> **DIRECTIONS**
A faithful copy of the data, pictures omitted, is the required answer.

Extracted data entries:

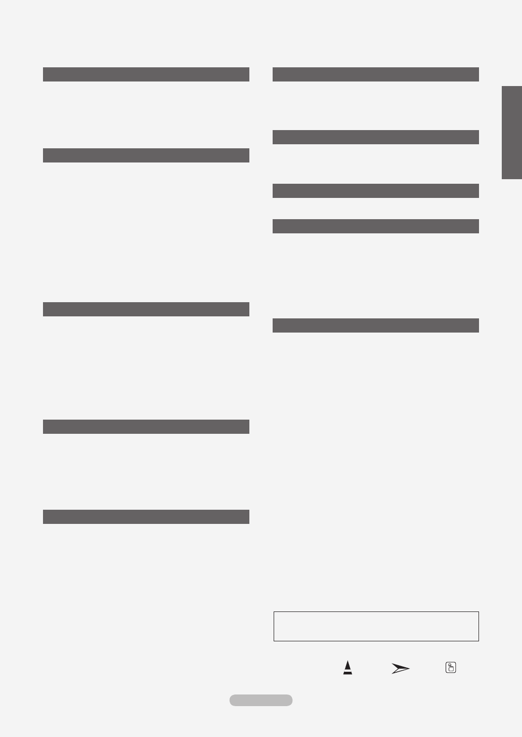 • Watching the LCD TV in 4:3 format for a long period of time may leave traces of borders displayed on the left, right and
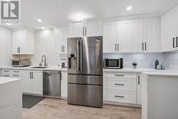 Are you looking for an updated home, with a large backyard that backs onto greenspace, in a quiet, picturesque, family friendly neighbourhood? Look no further. Welcome to 637 Lomond Crescent, a beautifully updated semi-detached home, backing onto Centennial Path/greenspace, and located on a quiet crescent in the desirable south Burlington, Longmoor neighbourhood. This beautiful home has a bright and spacious floor plan, a gorgeous updated modern kitchen with quartz counters and backsplash, stainless steel appliances, and potlights, a lovely separate dining room and a very generous sized living room with pot lights. New flooring throughout, as well as stairs, and smooth ceilings on the main floor update and modernize the home. The spacious lower level Rec room is the perfect space to chill and watch a movie, play games and hang out, with a great workspace tucked in as well. A versatile extra room is currently set up as a gym, but would also make a great office or potentially another bathroom. There is no lack of storage with an amazing and massive crawl space. The large sun filled rear yard has lots of room for all your outdoor needs, plus a large shed, and has an access gate to the path/greenspace behind. Some recent updates include roof, eavestroughs, soffits, fascia, premium composite siding, windows, kitchen, flooring/stairs, pot lights, smooth ceilings, electrical... An exceptional location on a quiet crescent, close to parks, trails, schools, library, community centre, transit, highways, shopping, restaurants and all amenities. This is a great opportunity to own a move-in ready home in a prime location. (id:27)
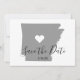 Couleur personnalisée gris Arkansas forme carte avec une sauvegarde de la conception de date pour les personnes se marier dans un lieu mariage à Little Rock AR. Les symboles de texte du coeur peuvent être customisés et déplacés pour d'autres endroits. Customisez la couleur de la forme d'état pour correspondre à votre palette de couleurs mariage. Faites connaître à vos amis et à votre famille l'emplacement de votre mariage avec un symbole de texte cardiaque que vous pouvez déplacer. Les styles de police de calligraphie moderne et élégant sont personnalisables.
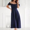 An elegant navy blue midi dress. Draped top with falling sleeves and thin straps accentuate the feminine style, while the flared bottom adds lightness. The dress is fastened with a concealed zipper.
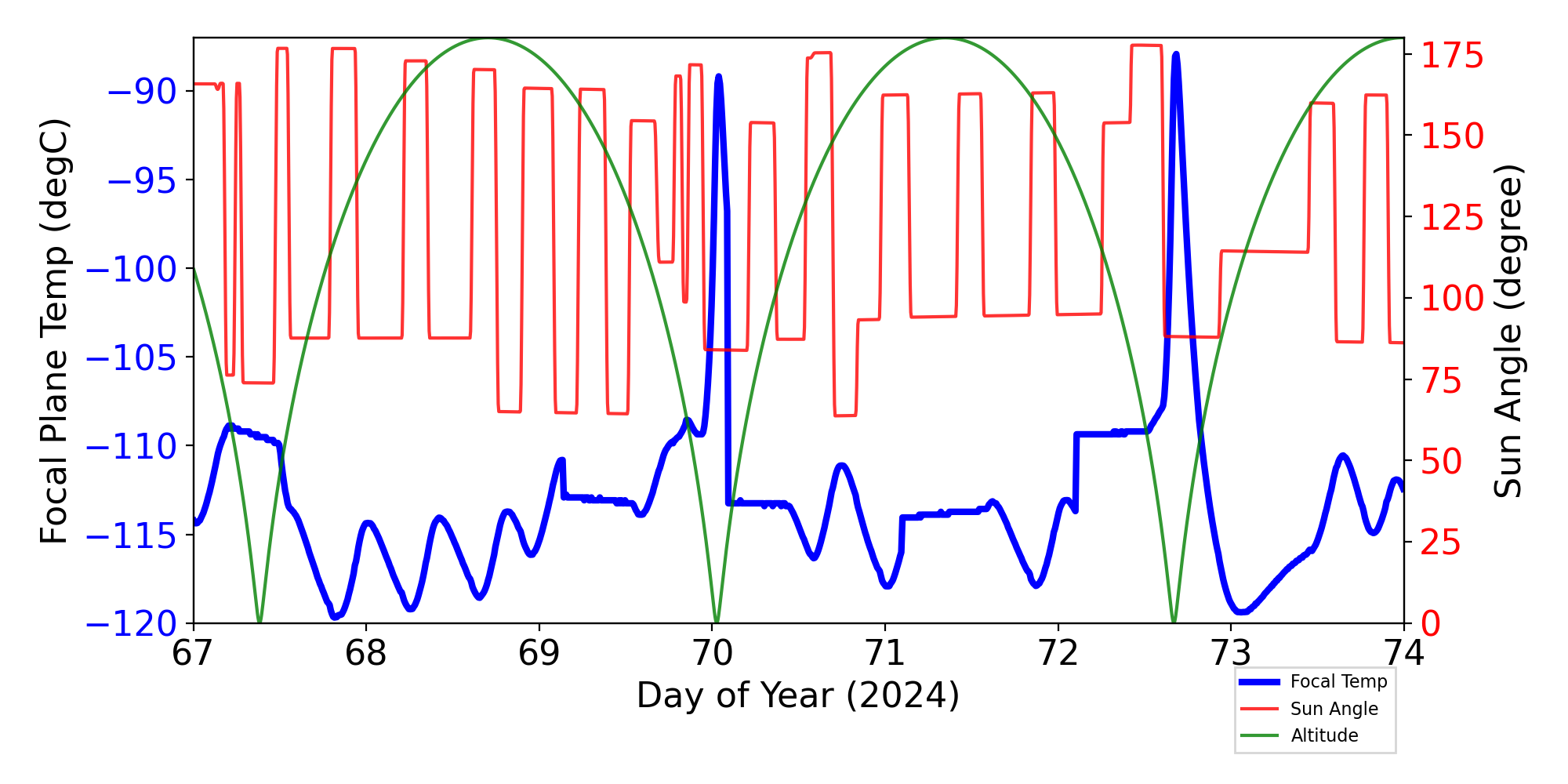 Weekly focal plane temperature with sun angle, earth angle, and altitude overplotted. Sun angle is the solar array angle, that is the angle between the sun and the optical axis (+X axis). The earth angle is the angle between earth and the ACIS radiator (+Z axis). Altitude varies from 34 kkm to 128 kkm.
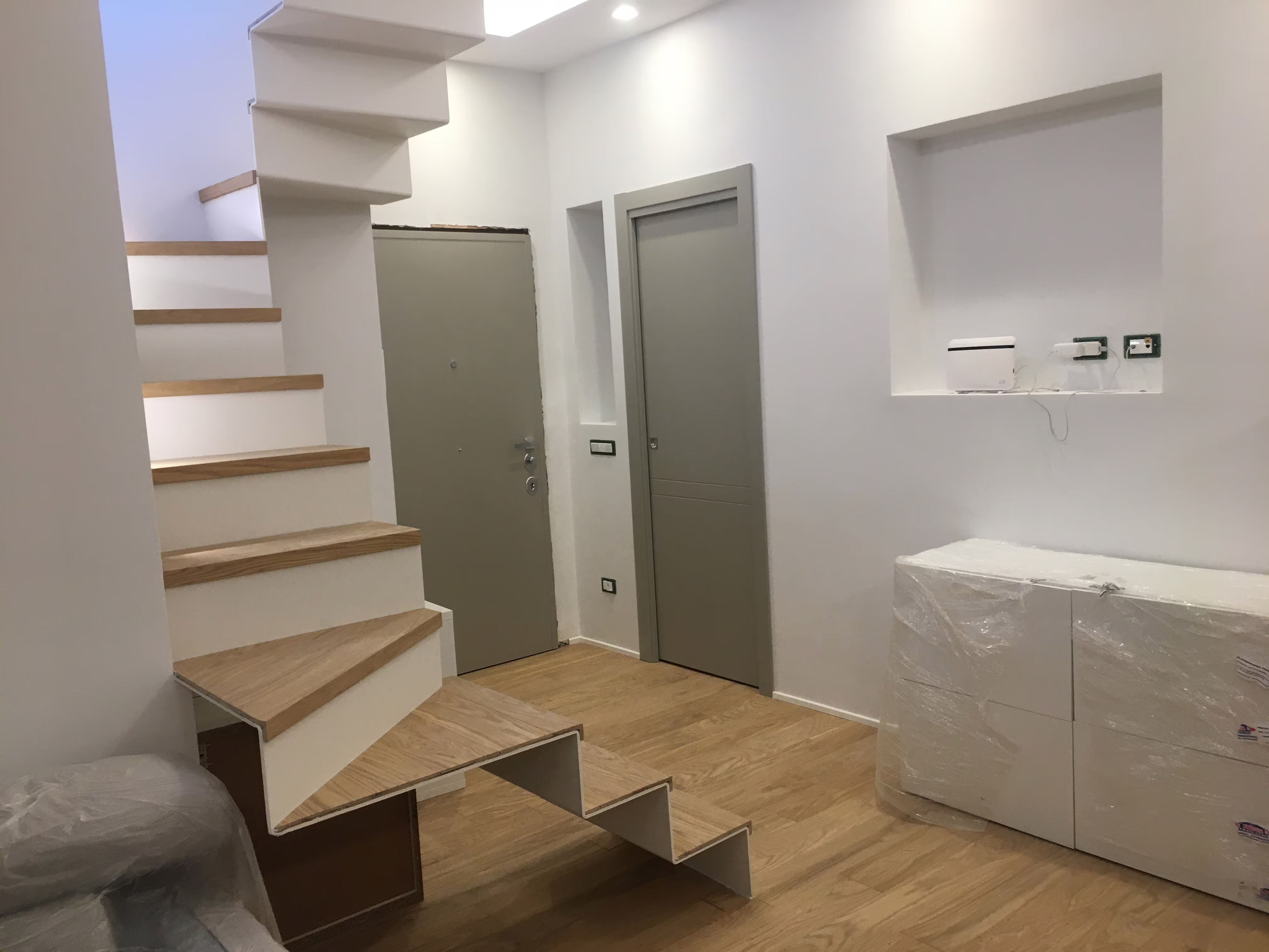 Intervento di ristrutturazione completa di un appartamento su due livelli, situato al sesto piano di uno stabile nel quartiere Talenti a Roma.
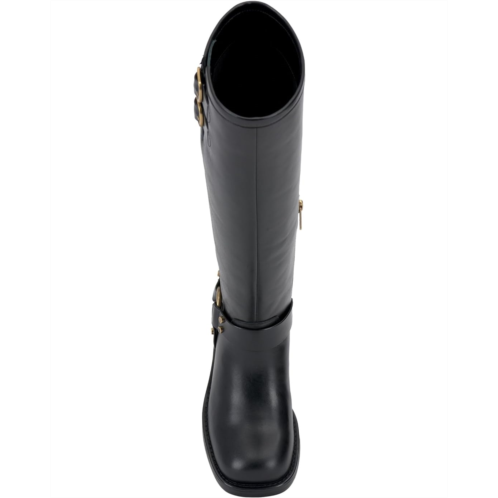 Kick around in the Kaydin engineer boot. The knee high shaft has the traditional ankle harness with O-ring detail and adjustable double buckle finishing at the top of the shaft. The heel has a metal rand detail, a soft square toe, and rubber outsole. Unlike a traditional moto boot, there is inside zip for easier entry.

> **RESULT OF THE TASK**
 • Watching the LCD TV in 4:3 format for a long period of time may leave traces of borders displayed on the left, right and
 Are you looking for an updated home, with a large backyard that backs onto greenspace, in a quiet, picturesque, family friendly neighbourhood? Look no further. Welcome to 637 Lomond Crescent, a beautifully updated semi-detached home, backing onto Centennial Path/greenspace, and located on a quiet crescent in the desirable south Burlington, Longmoor neighbourhood. This beautiful home has a bright and spacious floor plan, a gorgeous updated modern kitchen with quartz counters and backsplash, stainless steel appliances, and potlights, a lovely separate dining room and a very generous sized living room with pot lights. New flooring throughout, as well as stairs, and smooth ceilings on the main floor update and modernize the home. The spacious lower level Rec room is the perfect space to chill and watch a movie, play games and hang out, with a great workspace tucked in as well. A versatile extra room is currently set up as a gym, but would also make a great office or potentially another bathroom. There is no lack of storage with an amazing and massive crawl space. The large sun filled rear yard has lots of room for all your outdoor needs, plus a large shed, and has an access gate to the path/greenspace behind. Some recent updates include roof, eavestroughs, soffits, fascia, premium composite siding, windows, kitchen, flooring/stairs, pot lights, smooth ceilings, electrical... An exceptional location on a quiet crescent, close to parks, trails, schools, library, community centre, transit, highways, shopping, restaurants and all amenities. This is a great opportunity to own a move-in ready home in a prime location. (id:27)
 Couleur personnalisée gris Arkansas forme carte avec une sauvegarde de la conception de date pour les personnes se marier dans un lieu mariage à Little Rock AR. Les symboles de texte du coeur peuvent être customisés et déplacés pour d'autres endroits. Customisez la couleur de la forme d'état pour correspondre à votre palette de couleurs mariage. Faites connaître à vos amis et à votre famille l'emplacement de votre mariage avec un symbole de texte cardiaque que vous pouvez déplacer. Les styles de police de calligraphie moderne et élégant sont personnalisables.
 An elegant navy blue midi dress. Draped top with falling sleeves and thin straps accentuate the feminine style, while the flared bottom adds lightness. The dress is fastened with a concealed zipper.
 Weekly focal plane temperature with sun angle, earth angle, and altitude overplotted. Sun angle is the solar array angle, that is the angle between the sun and the optical axis (+X axis). The earth angle is the angle between earth and the ACIS radiator (+Z axis). Altitude varies from 34 kkm to 128 kkm.
 Intervento di ristrutturazione completa di un appartamento su due livelli, situato al sesto piano di uno stabile nel quartiere Talenti a Roma.
 Kick around in the Kaydin engineer boot. The knee high shaft has the traditional ankle harness with O-ring detail and adjustable double buckle finishing at the top of the shaft. The heel has a metal rand detail, a soft square toe, and rubber outsole. Unlike a traditional moto boot, there is inside zip for easier entry.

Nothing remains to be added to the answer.